Other QPRT rules outlined by the IRS are as follows:
- Power to add or change the beneficiary of a trust
- The capability to borrow from the trust without sufficient security
- The power to use the benefits from the trust to finance life insurance premiums
- Power to make changes to the trust’s creation by interchanging assets of equivalent value
Moreover, there are lots of Benefits in a QPRT Trust. They include:
- Ability to change benefits residence
- Estate Tax Benefits
- Lifetime use of home
- Asset Protection from lawsuits
- Gift Tax Benefits
Unwinding a QPRT
If the QPRT terminates, you will have to give the remainder heirs a fair market rent. These returns will reduce your estate. Moreover, if you still wish to unwind the QPRT, there are feasible alternatives that you may confront such as Living in the house rent-free which will cause the inclusion of estate tax. Also, the remainder interest holders will have to allow their interests back to you
Furthermore, the capacity to unwind a QPRT depends on the state law as well as the case law. Consequently Unwinding a QPRT should have no income tax upshots. (unless the trust is non-grantor in the sale of its assets to the grantor). Although may have gift and estate tax outcomes. However, the before-mentioned tax outcomes, in turn, depend on the nature of the trust as well as the nature of the reform.
QPRT Sale of Residence
A QPRT is also planned to be a grantor trust therefore it essentially means that the trust will be
ignored for income tax purposes. Therefore, the grantor can still subtract all real property tax
payments on the residence in the QPRT on his or her personal income tax returns as far as the
QPRT owns the residence.
In addition, If the property is sold after the term of the QPRT has lapsed, even though the grantor may be leasing the property, the capital gain will not be taxed to the grantor. Rather to the persons who acquired the property when the QPRT ended. Also if there be sales of residence in QPRT, the capital gains tax might be more expensive than if the grantor had owned the residence at his or her demise.
Although, you can also sell the residence in the trust at any time. The sale profits are not reinvested in a new residence in two years. These funds are kept as a Grantor Retained Annuity Trust (GRAT). For example, if you choose to downsize your residence, the sale yields from the residence in QPRT can procure a smaller home and the remainder will be viewed as GRAT.
Finally, Today a general estate planning method is to decrease the size of an estate by transferring a residence to a qualified personal residence trust (QPRT). However, suitably structured QPRT will halt the value of the residence at the time the trust is formed. This results in significant estate tax savings while easing to keep the value of many estates below the $1 million inceptions.
Although reducing estate taxes and required appreciation are strong motives for planning a QPRT. Wishing to implement or create a QPRT consider the prevailing federal interest rate under IRC section 7520 as an important factor to start with.
- LIVING TRUST: Overview, Cost, Templates, Pros & Cons (+Writing Guide)

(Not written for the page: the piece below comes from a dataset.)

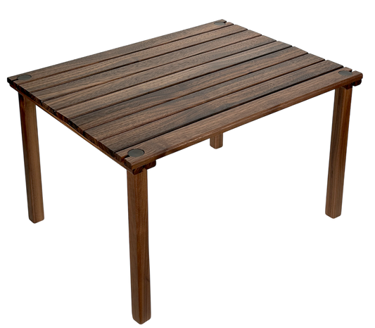 Our tables are the ultimate companion to our chairs. Each table is designed to be disassembled and rolled up into a bag just like our chair design. Each table is manufactured using the same quality oak wood and walnut wood as our chairs.
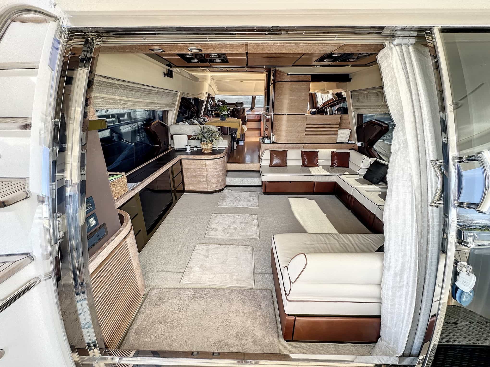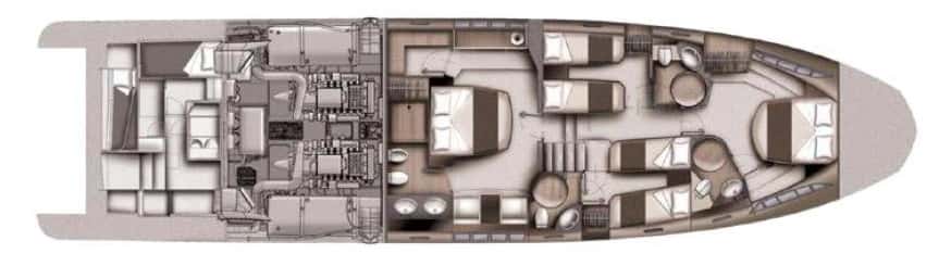 She is powered by 2 x 1360 hp MAN V12 engines with 750 hours to date, giving it a maximum speed of 33 knots, while comfortably cruising at 27. Featuring accommodation for 8 guests in 4 spacious cabins, Azimut 70 ‘KSI FREEDOM’ boasts extensive specifications with numerous additional extras.

- REVOCABLE TRUST: A Comprehensive Guide (+ How it Works)
- LIVING TRUST VS WILL: Best option in the US (+Major differences)
- Health Savings Account Rules (HSA Rules) 2022 (Updated!)
Pieces of information contained in this article are not tax or legal advice. Therefore they are not a substitute for such advice. As state and federal laws change often, such, information in this article might not reflect most of the recent changes to the law. We sincerely urge that you consult an accountant or an attorney for legal or tax counsel.